12. tunicle, it can be by in the emulsion that comprises at least the macromolecular elastomer particle that is made of the resin that contains the hydrophilic functional group and supporting member, make the macromolecular elastomer particle carry out heat-sensitive gel and dry solidification and obtain in the mode of keeping its particle state, wherein, the minute aperture that is formed by the gap between described macromolecular elastomer particle, mix with supporting member, the aperture of the peristome of the minute aperture that forms on this tunicle surface is below 5 μ m.

13. tunicle as described in claim 11 or 12, wherein, described supporting member has hollow structure.

14. tunicle as claimed in claim 13, wherein, in the cross section of the thickness direction of described tunicle, having average pore size is the macropore that is derived from described supporting member of 10～50 μ m, and the outer wall of this macropore does not have described minute aperture.

15. tunicle as described in any one in claim 11～14, wherein, macromolecular elastomer is the water serial emulsion based polyurethane resin that contains the hydrophilic functional group.

16. tunicle as described in any one in claim 11～15, wherein, the surface roughness of described tunicle (Rz) is below 30 μ m.

17. tunicle as described in any one in claim 11～16, wherein, with respect to the gross area in the cross section of the thickness direction of tunicle, the shared ratio in huge hole that diameter surpasses 75 μ m is below 10%.

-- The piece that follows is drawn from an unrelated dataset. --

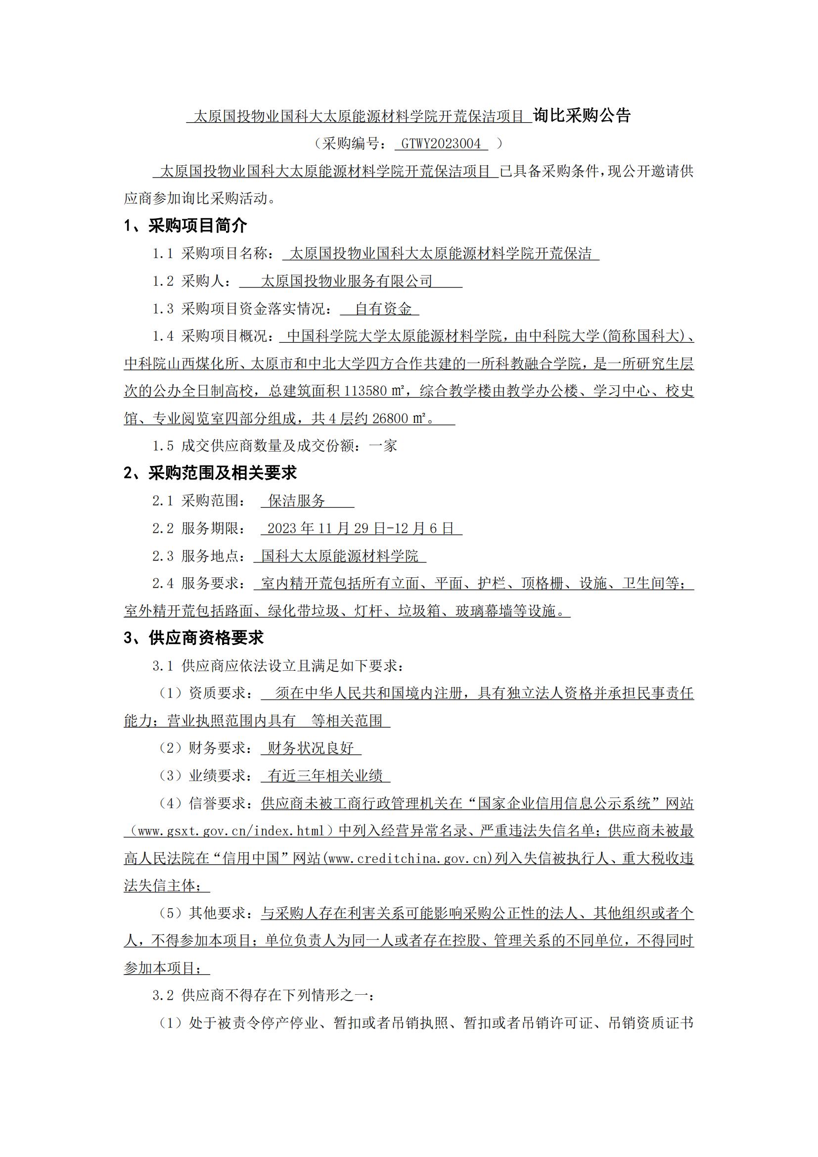 太原國投物業(yè)國科大太原能源材料學(xué)院開荒保潔項(xiàng)目詢比采購公告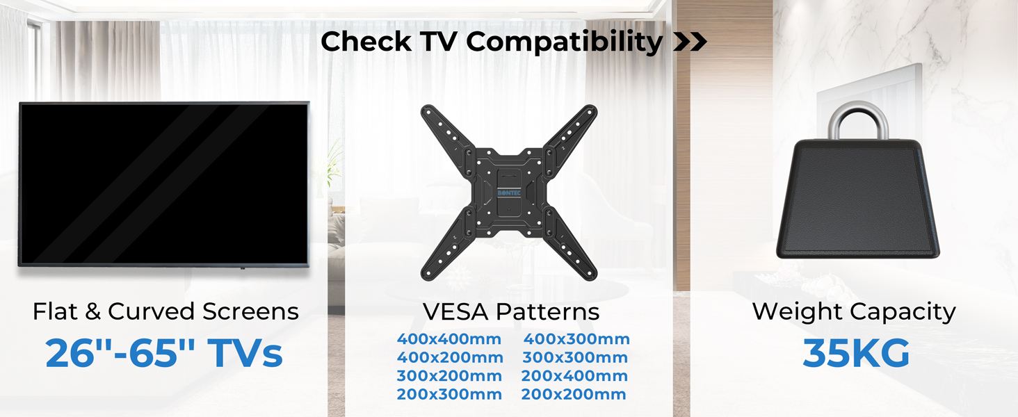 - ✅ UNIVERSAL COMPATIBILITY – This universal tv wall bracket fits 26–65 inch LED, LCD and OLED flat or curved screens, including 32 inch tv wall bracket and tv bracket 55 inch, supporting 35kg with VESA wall mount patterns from 200x200mm to 400x400mm, suitable for concrete, brick and wood stud walls

18. tunicle formation method, it is the formation method of the described tunicle of any one in claim 11～17, wherein, has following step (1)～(4),

Step (2): the one side at least that aqueous dispersion (II) is applied to base material upward forms the step of tunicle;

Step (3): this tunicle is carried out the heat-sensitive gel processing and form the step of gelating film;

19. tunicle formation method as claimed in claim 18, wherein, described aqueous dispersion further contains (D) crosslinking agent.

20. tunicle formation method as described in claim 18 or 19 wherein, in step (I), is implemented deaeration for resulting aqueous dispersion (II) and is processed.

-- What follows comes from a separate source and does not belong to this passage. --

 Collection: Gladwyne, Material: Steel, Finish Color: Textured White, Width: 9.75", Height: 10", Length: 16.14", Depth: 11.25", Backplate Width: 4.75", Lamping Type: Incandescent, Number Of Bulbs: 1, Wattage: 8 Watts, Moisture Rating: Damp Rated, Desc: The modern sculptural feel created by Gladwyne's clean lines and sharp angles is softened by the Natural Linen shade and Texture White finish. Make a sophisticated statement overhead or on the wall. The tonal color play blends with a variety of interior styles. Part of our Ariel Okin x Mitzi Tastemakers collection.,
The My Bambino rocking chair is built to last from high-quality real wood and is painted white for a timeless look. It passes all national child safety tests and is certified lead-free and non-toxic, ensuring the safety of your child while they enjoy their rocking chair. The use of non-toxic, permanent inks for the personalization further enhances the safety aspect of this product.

21. as the described tunicle of any one formation method in claim 18～20, wherein, (E) supporting member is expanded capsule.

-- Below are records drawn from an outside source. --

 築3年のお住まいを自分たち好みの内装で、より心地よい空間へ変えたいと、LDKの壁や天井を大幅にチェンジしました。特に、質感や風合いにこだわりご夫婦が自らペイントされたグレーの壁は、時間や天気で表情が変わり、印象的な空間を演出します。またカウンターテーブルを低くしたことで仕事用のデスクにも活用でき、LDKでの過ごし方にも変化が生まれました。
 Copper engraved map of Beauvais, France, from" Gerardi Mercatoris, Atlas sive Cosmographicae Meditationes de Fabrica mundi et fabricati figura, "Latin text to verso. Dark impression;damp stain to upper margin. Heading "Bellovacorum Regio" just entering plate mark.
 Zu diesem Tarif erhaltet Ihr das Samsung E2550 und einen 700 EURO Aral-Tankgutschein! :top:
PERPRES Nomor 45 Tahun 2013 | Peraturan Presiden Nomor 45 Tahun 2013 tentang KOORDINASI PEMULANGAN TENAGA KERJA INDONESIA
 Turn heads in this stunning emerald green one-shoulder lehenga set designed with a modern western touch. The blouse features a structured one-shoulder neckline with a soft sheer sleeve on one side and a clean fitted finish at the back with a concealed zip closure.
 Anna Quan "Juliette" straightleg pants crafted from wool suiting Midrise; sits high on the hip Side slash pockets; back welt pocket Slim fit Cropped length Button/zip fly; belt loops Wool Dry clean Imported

22. as the described tunicle of any one formation method in claim 18～21, wherein, (E) supporting member is of a size of below 50 μ m.

23. as the described tunicle of any one formation method in claim 18～22, wherein, the content of (E) supporting member in step (1) in the aqueous dispersion (II) of preparation is 0.2～1.5 with respect to the volume of the solid constituent of (A) composition.

24. tablet, it forms on base material, and in claim 11～17, the described tunicle of any one forms.